Instructions to follow: Starting at the line below holding "Each time you" and stopping at the line holding "Everyone needs a", print every line exactly, both ends included, and leave the rest out.

Given entries Block Start

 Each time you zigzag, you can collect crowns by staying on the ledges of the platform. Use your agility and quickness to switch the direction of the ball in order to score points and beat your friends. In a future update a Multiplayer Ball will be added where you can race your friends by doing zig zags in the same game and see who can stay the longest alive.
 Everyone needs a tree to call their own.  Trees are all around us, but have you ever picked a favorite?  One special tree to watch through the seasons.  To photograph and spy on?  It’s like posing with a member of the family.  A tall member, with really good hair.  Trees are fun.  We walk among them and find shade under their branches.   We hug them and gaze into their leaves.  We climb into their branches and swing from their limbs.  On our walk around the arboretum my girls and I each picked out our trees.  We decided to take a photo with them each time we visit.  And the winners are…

Given entries Block End
Given entries Block Start

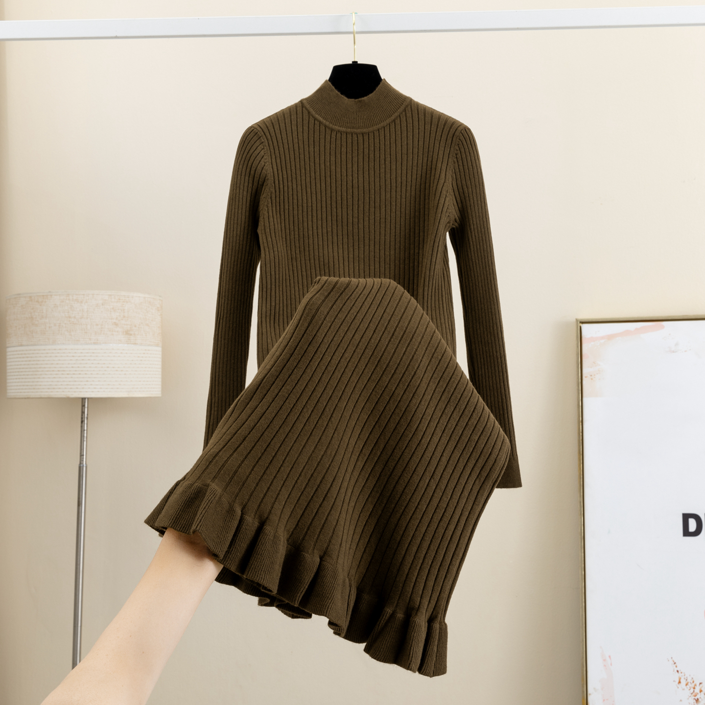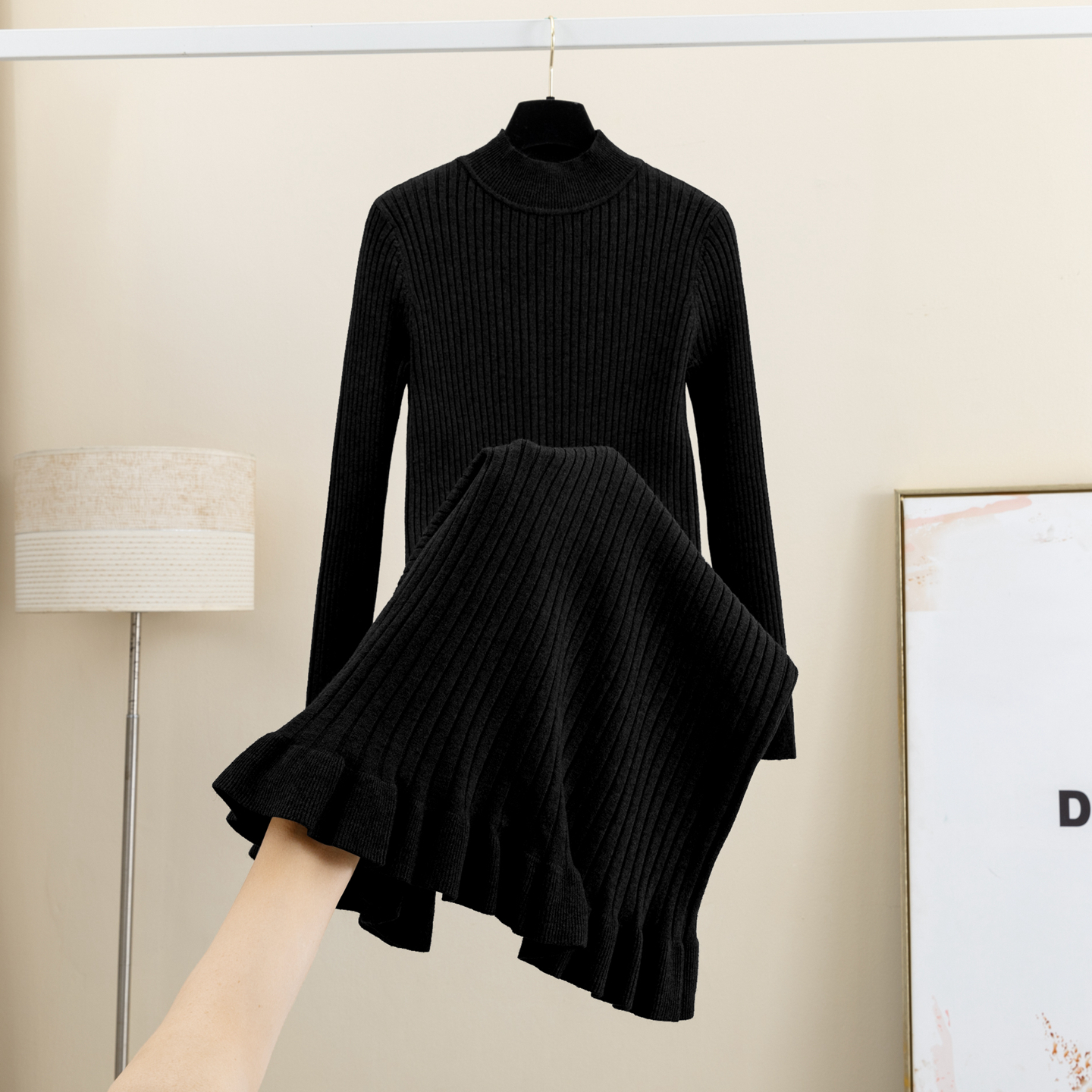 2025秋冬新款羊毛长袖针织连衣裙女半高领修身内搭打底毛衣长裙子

Given entries Block End

Result of this task:
 Each time you zigzag, you can collect crowns by staying on the ledges of the platform. Use your agility and quickness to switch the direction of the ball in order to score points and beat your friends. In a future update a Multiplayer Ball will be added where you can race your friends by doing zig zags in the same game and see who can stay the longest alive.
 Everyone needs a tree to call their own.  Trees are all around us, but have you ever picked a favorite?  One special tree to watch through the seasons.  To photograph and spy on?  It’s like posing with a member of the family.  A tall member, with really good hair.  Trees are fun.  We walk among them and find shade under their branches.   We hug them and gaze into their leaves.  We climb into their branches and swing from their limbs.  On our walk around the arboretum my girls and I each picked out our trees.  We decided to take a photo with them each time we visit.  And the winners are…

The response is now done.